Al Qaeda targets Christmas, plans to make toy bomb

November 7th, 2010 - 1:18 pm ICT by IANS  

London, Nov 7 (IANS) Al Qaeda’s bomb makers are believed to be planting explosives in Christmas toys bound for Europe and the US that would be timed to explode once they are in stores, a media report said Sunday.

British intelligence agencies believe Al Qaeda’s warlords, including its chief bomb maker Ibrahim Hassan al-Asiri in Yemen, plan to smuggle in their deadly cargo aboard freight ships after airport security was tightened following the failed ink cartridge bomb attacks 10 days ago, the Daily Express reported.

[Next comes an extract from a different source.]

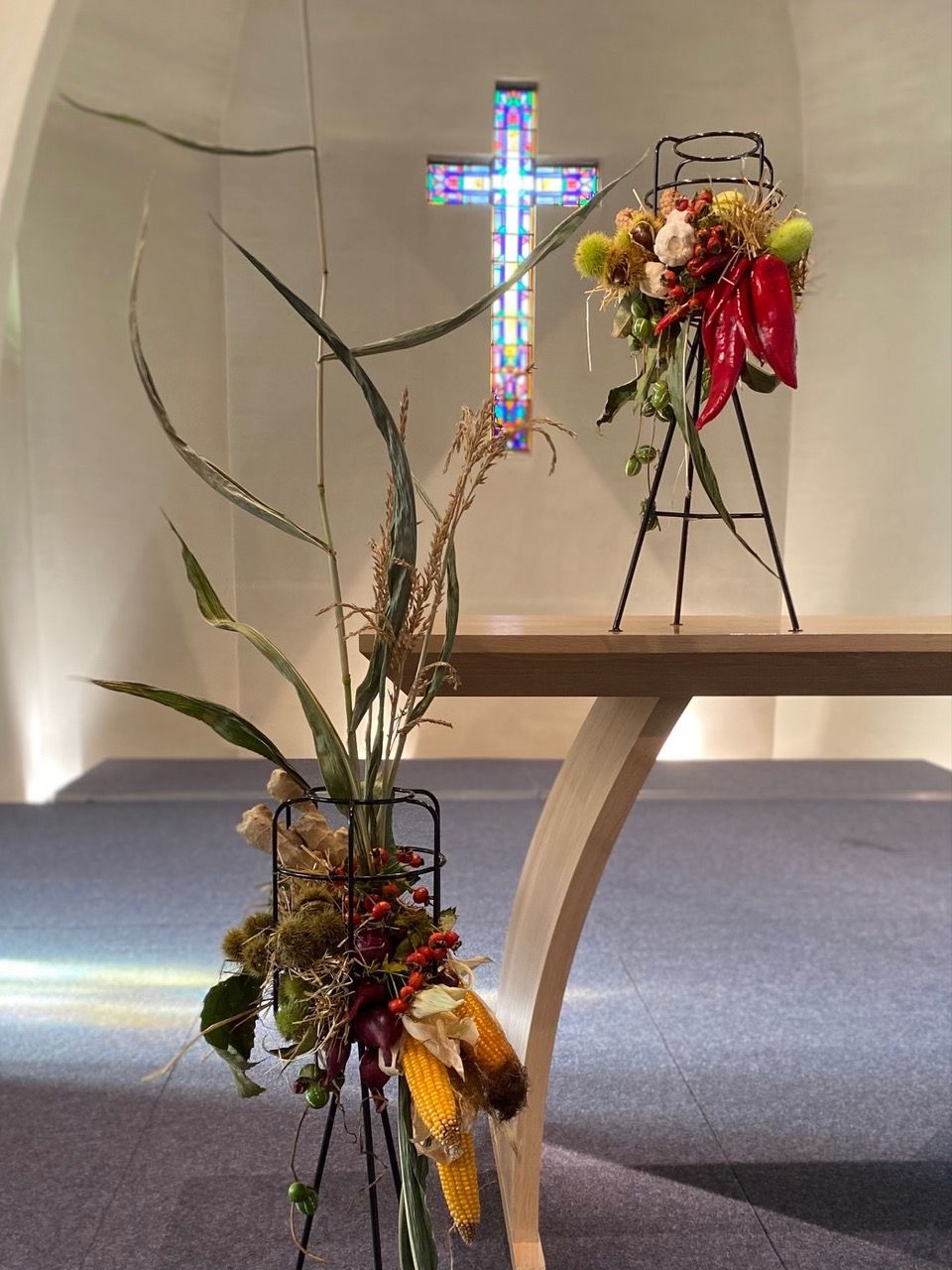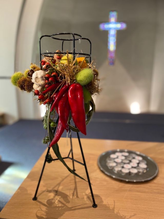 Liturgische schikking Pinksteren Thema: Vuur, wind en verbinding In het stuk zien we rode pepers en vuurpijlen die het vuur van Pinksteren verbeelden. De rode pinnen strekken zich uit naar alle windstreken. De kleuren van het vuur; rood en oranje ziet u in het stuk. De hedera die verwerkt is, staat voor de verbinding tussen God en de mensen.

Al-Asiri is the main suspect in a plot to get parcel bomb packages onto US-bound cargo planes.

British surveillance experts in Afghanistan and their American colleagues uncovered the latest threat last week.

They intercepted conversations between terrorists from Al Qaeda in the Arabian Peninsula (AQAP), the group responsible for the ink bombs, revealing they were planning a spectacular hit for the festive season.

AQAP leader, American-born cleric Anwar al-Awlaki, and his right-hand man al-Asiri are aiming to use sea ports because they believe security there is more relaxed, the report said.

With so much Christmas stock arriving in Britain, they are confident their toy bombs can remain undetected.

A British intelligence officer told the Sunday Express: “Al Qaeda in the Arabian Peninsula see the festive season as their ideal time to strike because of its importance in the Christian calendar.

“The bombs found at East Midlands airport and Dubai escaped scrutiny until the last moment. It would be much easier to plant a similar bomb inside a Christmas toy.”

Al Qaeda is rumoured to have control of at least 23 ships, nicknamed “Osama bin Laden’s navy”, registered in the names of companies that support the terror group.

British securities agencies fear the vessels could be used to ferry toys filled with the same powerful explosive used in the ink bombs and last year’s failed Christmas Day underpants bomb plot on an airliner, the report said.